***** Material to process *****

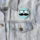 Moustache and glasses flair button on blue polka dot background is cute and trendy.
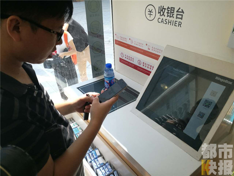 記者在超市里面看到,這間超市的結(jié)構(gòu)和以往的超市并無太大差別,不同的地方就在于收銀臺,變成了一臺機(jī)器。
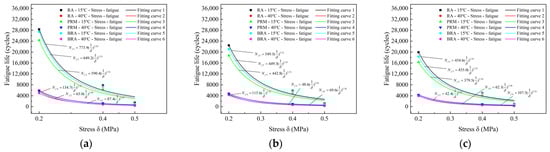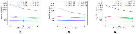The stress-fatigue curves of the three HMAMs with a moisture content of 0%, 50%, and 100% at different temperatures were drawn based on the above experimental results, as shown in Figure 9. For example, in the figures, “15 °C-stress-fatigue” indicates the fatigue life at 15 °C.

*****
***** Material to process *****

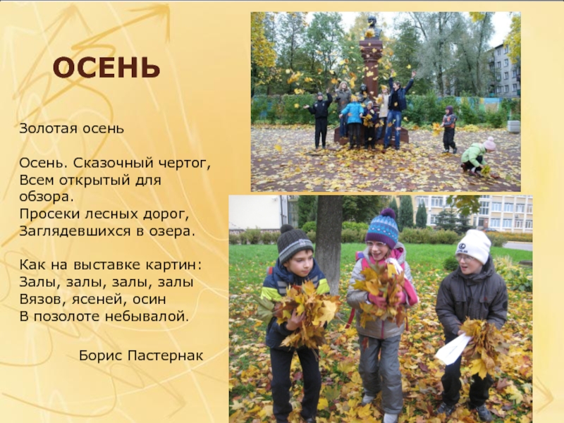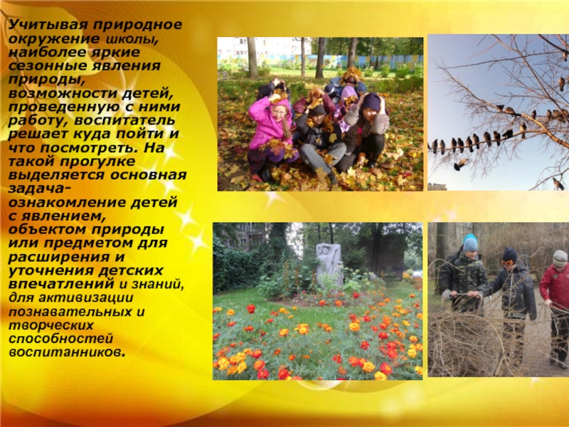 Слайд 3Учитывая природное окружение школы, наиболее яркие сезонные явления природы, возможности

*****

#### Task objective:
Return only the stretch above from the line containing "Moustache and glasses" through the line containing "The stress-fatigue curves", word for word and without pictures.

#### Task response:
 Moustache and glasses flair button on blue polka dot background is cute and trendy.
 記者在超市里面看到,這間超市的結(jié)構(gòu)和以往的超市并無太大差別,不同的地方就在于收銀臺,變成了一臺機(jī)器。
The stress-fatigue curves of the three HMAMs with a moisture content of 0%, 50%, and 100% at different temperatures were drawn based on the above experimental results, as shown in Figure 9. For example, in the figures, “15 °C-stress-fatigue” indicates the fatigue life at 15 °C.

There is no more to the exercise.